Not everyone needs that; but these 3B / 7B models don’t have the capability to do everything.
But ultimately small models are very good for most things, and much more preferable (to run at the home to organize your digital life, with a small SBC or old computer)
Sure, you may have played with a 7B model in the past, but that doesn't mean there's no use case for a smaller model like the 3B. In fact, having a performant, smaller model is a game changer for a lot of applications that don't require the massive scale of the larger models. Plus, smaller models are generally faster and more accessible, which is always a plus.
It's hard to pick out the actual answer: what is the application that this is good at? What has their "more nuanced" approach to understanding performance increased this model's performance at doing?
> How can someone get into using these models
You can use gradio(online) or download(git will not download, it's too big, do it manually) the weights at https://huggingface.co/lmsys/vicuna-13b-delta-v1.1/tree/main and then load the model in pytourch and try inference(text generation). But you'll need either a lot of RAM(16GB,32GB+) or VRAM(Card).
> How might I go about using these models for doing things like say summarizing news articles or video transcriptions Again, you might try online or setup a python/bash/powershell script to load the model for you so you can use it. If you can pay I would recommend runpod for the shared GPUs.
> When someone tunes a model for a task, what exactly are they doing and how does this ‘change’ the model? From my view ... not much ... "fine-tuning" means training(tuning) on a specific dataset(fine, as in fine-grained). As I believe(I'm not sure) they just run more epochs on the model with the new data you have provided it until they reach a good loss(the model works), that's why quality data is important.
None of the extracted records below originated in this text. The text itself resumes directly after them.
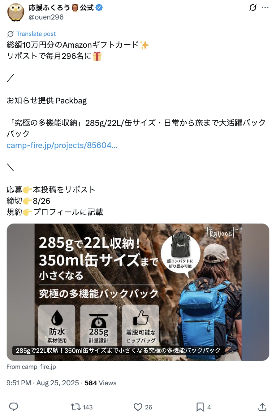 8月25日、「THE ULTIMA 22」は X(Twitter)で応援ふくろう様が投稿をシェアされました。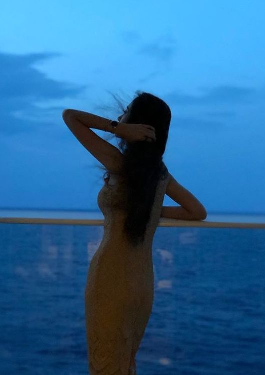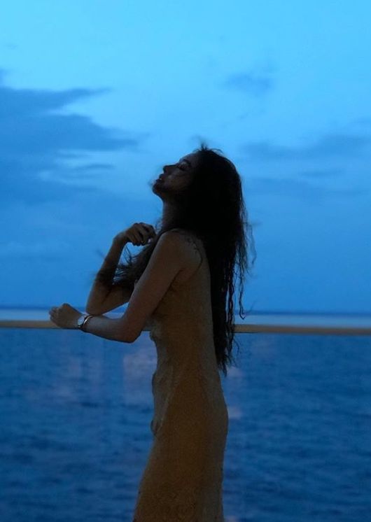 공개된 사진 속 지연은 바다가 내려다보이는 풍경을 배경으로 화려한 아름다운 드레스 자태를 뽐내고 있다. 몸에 밀착되는 드레스이기에 그의 극세사 몸매가 한층 더 부각되는 모습이다.
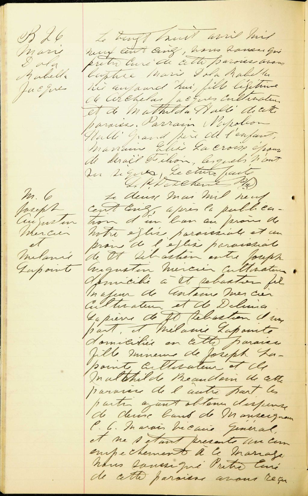 - Cette série regroupe les registres originaux de l'état civil, lesquels contiennent les enregistrements de baptêmes, de mariages et de sépultures consignés par le curé ou son représentant desservant la communauté de confession catholique de la paroisse Saint-Samuel à Lac-Drolet. On retrouve également, en règle générale, un index nominatif à la fin de chaque registre.Le registre de 1917 comprend quelques actes de Saint-Hubert de Spaulding (CE503,S19); celui de 1918 en comprend de Sainte-Cécile (CE503,S18)Avant 1884, voir Saint-Sébastien (CE503,S14); pour 1913, voir aussi Saint-Hubert de Spaulding (CE503,S19)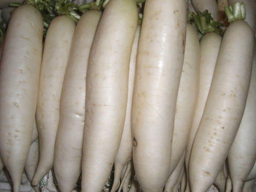 根莖類蔬菜,十字花科蘿卜屬植物。種植有千年歷史,在飲食和中醫(yī)食療領(lǐng)域都有廣泛應(yīng)用。清乾隆庚午年(公元1750年)編修的《如皋縣志》載:“蘿卜,一名萊菔,有紅白二種,四時皆可栽,唯末伏初為善,破甲即可供食,生沙壤者甘而脆,生瘠土者堅而辣?!逼渖?,屬金,入肺,性甘平辛,歸肺脾經(jīng),具有下氣、消食、除疾潤肺、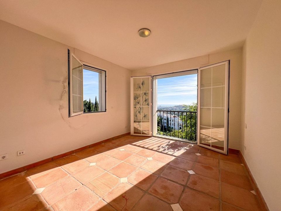 Set in one of the most exclusive areas of Benahavís, this spectacular five-bedroom, six-bathroom villa offers exceptional character and endless potential to become a true dream residence. Located on a 961 m² plot with a total built area of 565 m², this property enjoys breathtaking panoramic views stretching from the surrounding hills to the golf course and the Mediterranean Sea.
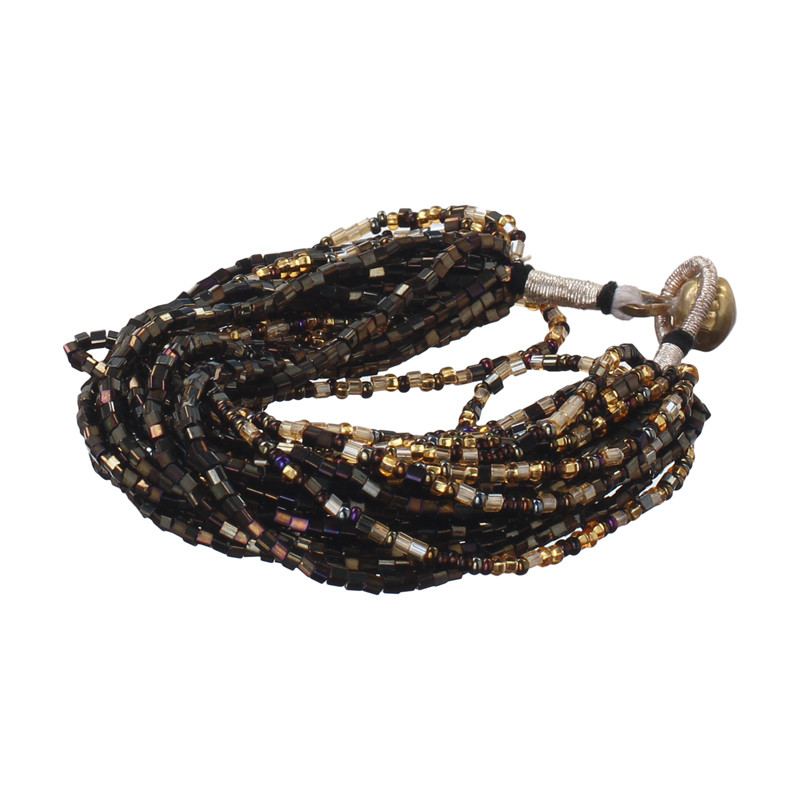24 Strand Czech Glass Bracelet in Mixed Brown.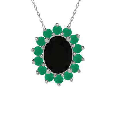 Siyah zirkon ve kök zümrüt 925 ayar gümüş kolye (40 cm beyaz altın rolo zincir)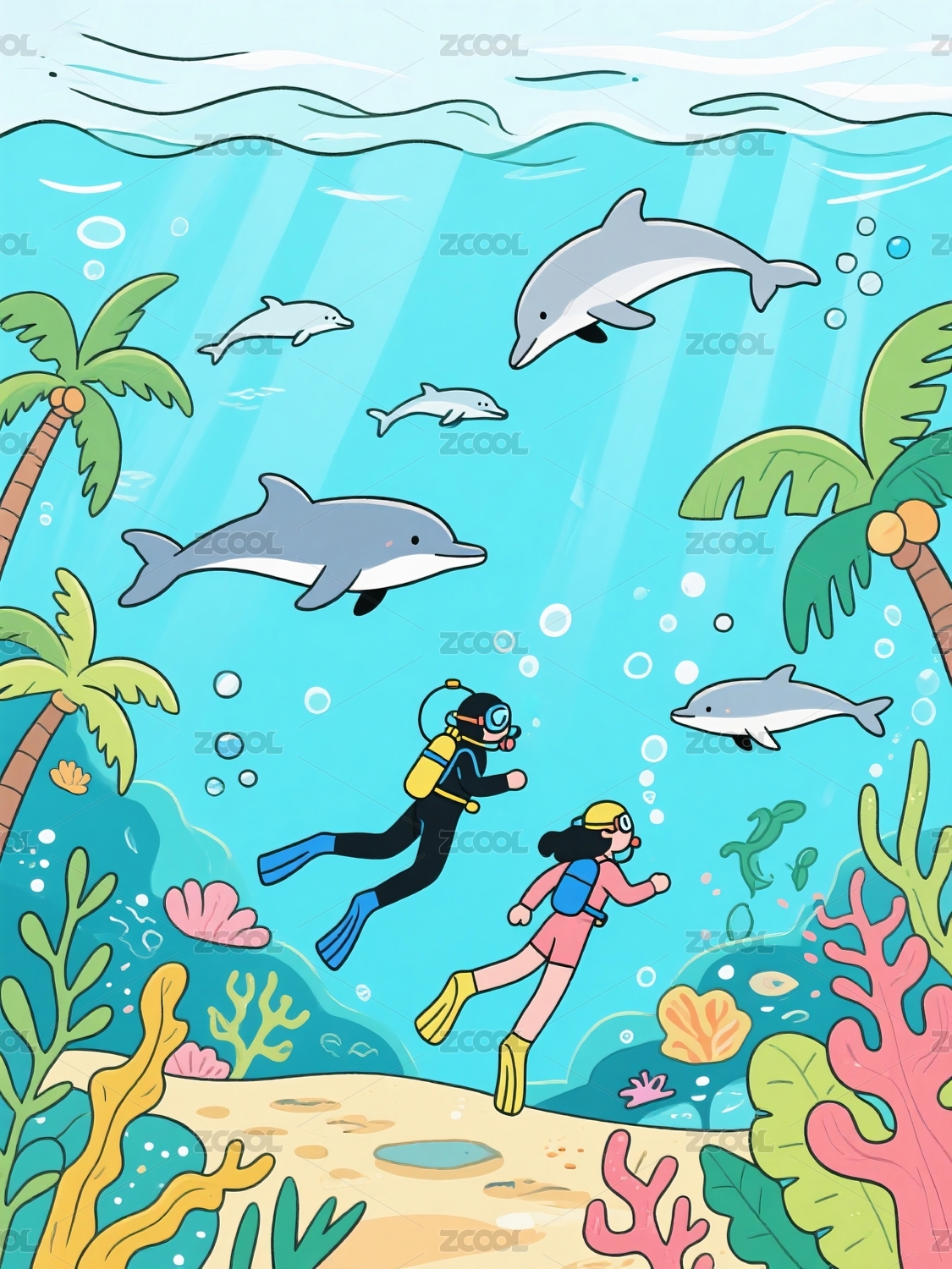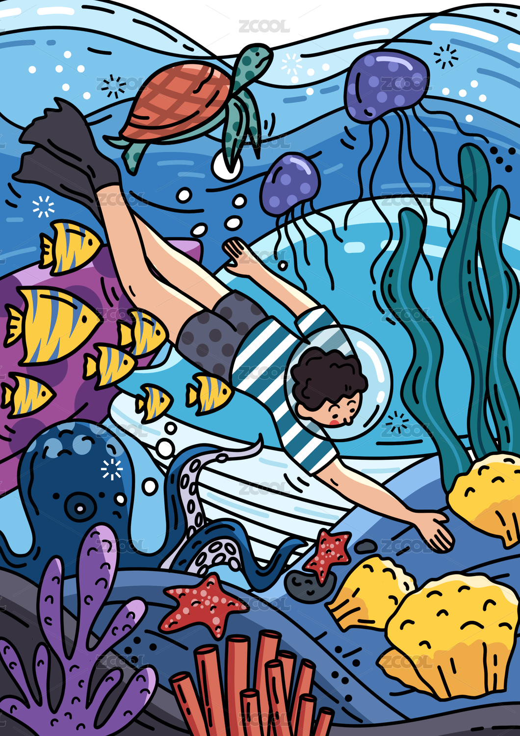儿童教育插画小猴子和小兔子戴着潜水面具在

You might try https://github.com/oobabooga/text-generation-webui they have a pretty easy setup config. Again, you'll need a lot of RAM and a good CPU for inference on CPU or a GPU.
https://huggingface.co/lmsys/vicuna-13b-delta-v1.1/tree/main
Yeah it wouldn't be as flexible as a LLM (for example synonyms won't work), but I doubt that for this particular task it'll be that big of problem, and you can ask it to tweak the program in various ways (for example introducing crude spaced-repetition) making it arguably better than the AI solution which takes sometime to prompt engineer and will never be "perfect".
I don't really know how much better fine-tuning makes these models, so I can't think of anything that they can actually be used for where they aren't worse than traditional programs, maybe as an AI in games? for example making them role-play as a historical figure in Civilization 6.
Overall I like the progress: LLama releases -> LLama fine turned on larger models gets similar performance to ChatGPT on lower parameters(more efficient) -> People can replicate LLama's model without anything special, effectively making LLMs a "Commodity" -> You are Here.